• _Work required_
Reproduce exactly the line containing "Rio Mare Τόνος" and each line after it until the listing ends, leaving pictures out.

• _Collected material_
• • • • •
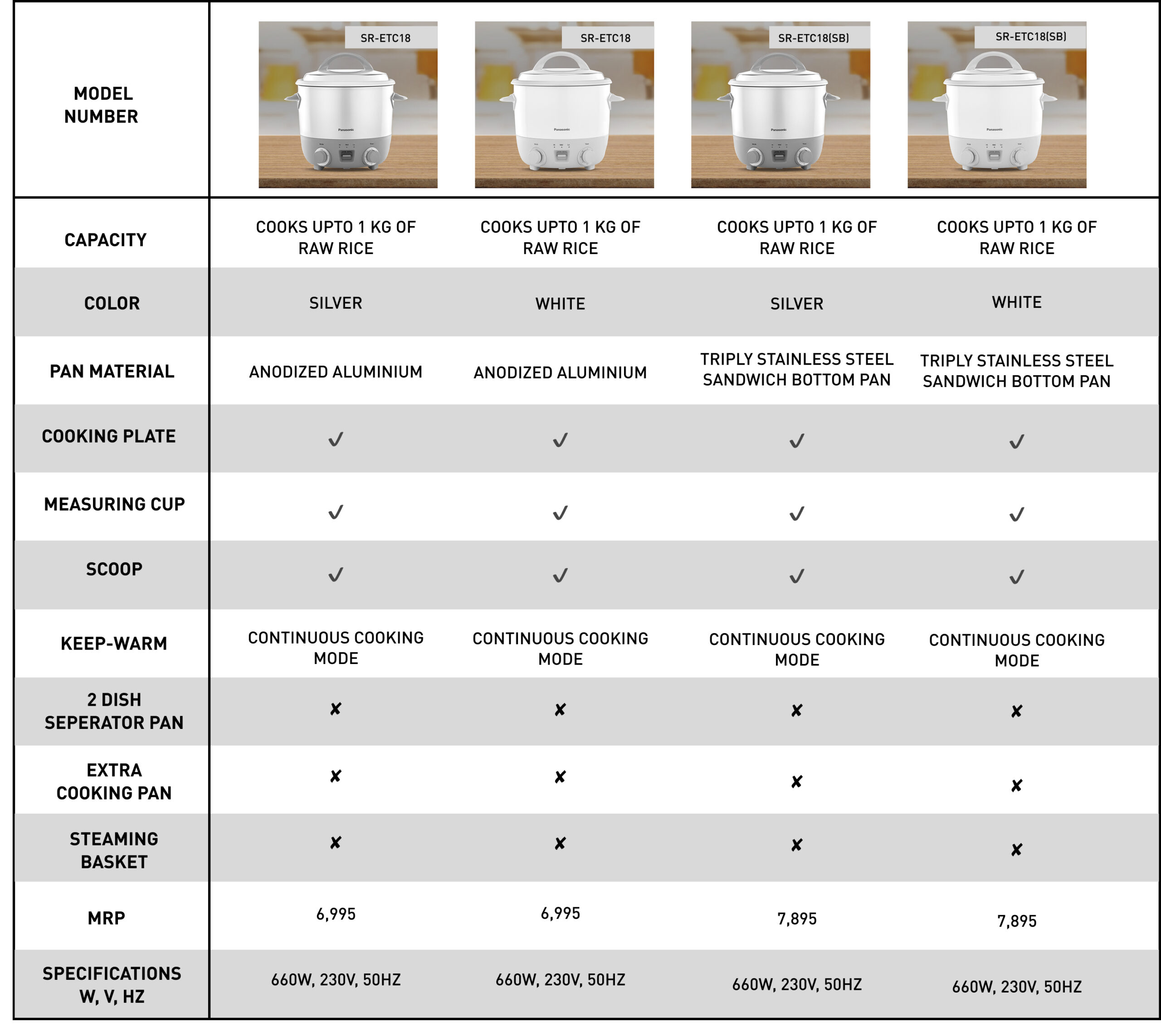 Comes with essential accessories like a cooking pan, scoop, measuring cup
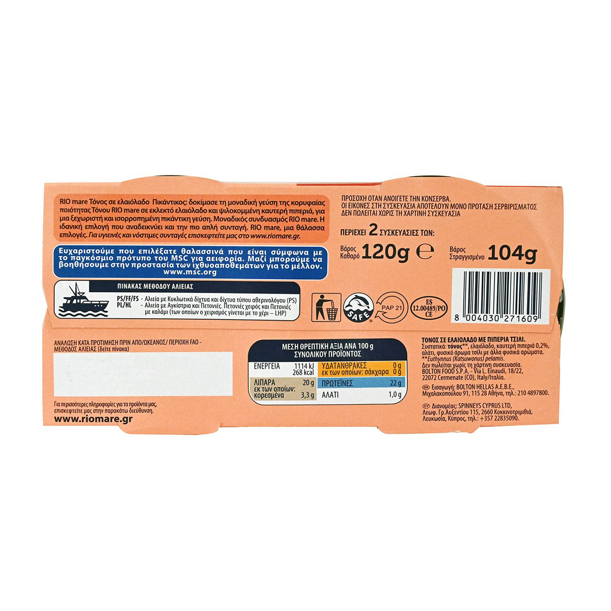 Rio Mare Τόνος Σε Ελαιόλαδο Πικάντικος 2 x 120 gr
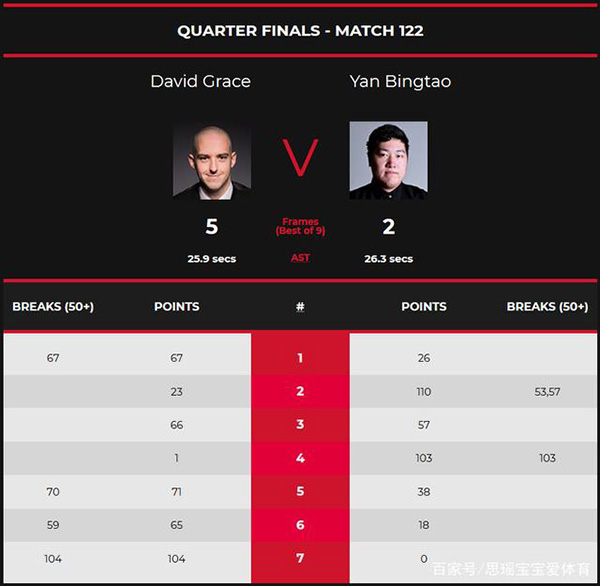 15分钟局间休息后,第5局中颜丙涛底袋失误错失围球机会 ,此后格雷斯打出一杆70分拿下这局,总分3-2再度领先 。第6局这一次颜丙涛没能扳回比分,围球拿下18分后失误,格雷斯随后拼进红球做出斯诺克,颜丙涛解球失误漏球,格雷斯上手一杆打出58分超分拿下,4-2率先来到赛点。第7局中颜丙涛开局留下长台,格雷斯继续保持好状态,上手打出单杆破百拿下这局,总分5-2击败颜丙涛挺进四强。
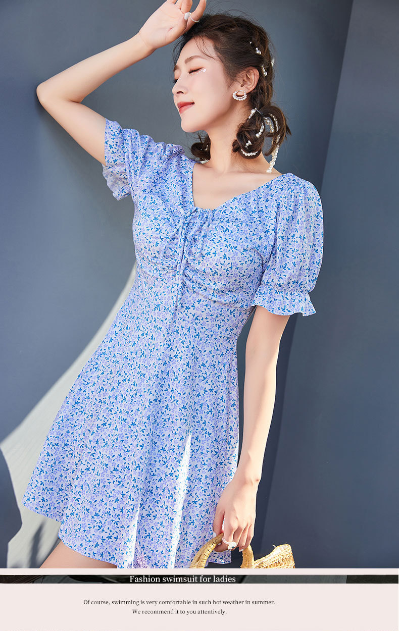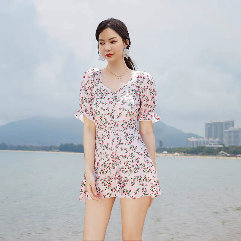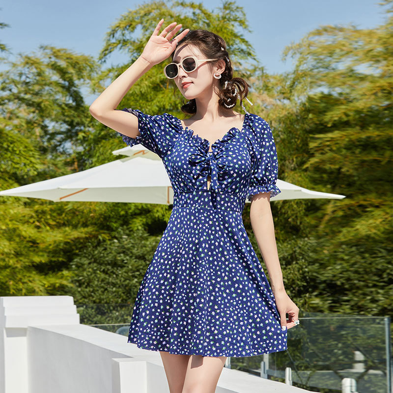 여성용 수영복, 인기 수영복 2025 배를 커버하고 슬림해 보이는 고급 꽃무늬 원피스 스커트 스타일 여성 온천 수영복
• • • • •
• _Answer space_
 Rio Mare Τόνος Σε Ελαιόλαδο Πικάντικος 2 x 120 gr
 15分钟局间休息后,第5局中颜丙涛底袋失误错失围球机会 ,此后格雷斯打出一杆70分拿下这局,总分3-2再度领先 。第6局这一次颜丙涛没能扳回比分,围球拿下18分后失误,格雷斯随后拼进红球做出斯诺克,颜丙涛解球失误漏球,格雷斯上手一杆打出58分超分拿下,4-2率先来到赛点。第7局中颜丙涛开局留下长台,格雷斯继续保持好状态,上手打出单杆破百拿下这局,总分5-2击败颜丙涛挺进四强。
 여성용 수영복, 인기 수영복 2025 배를 커버하고 슬림해 보이는 고급 꽃무늬 원피스 스커트 스타일 여성 온천 수영복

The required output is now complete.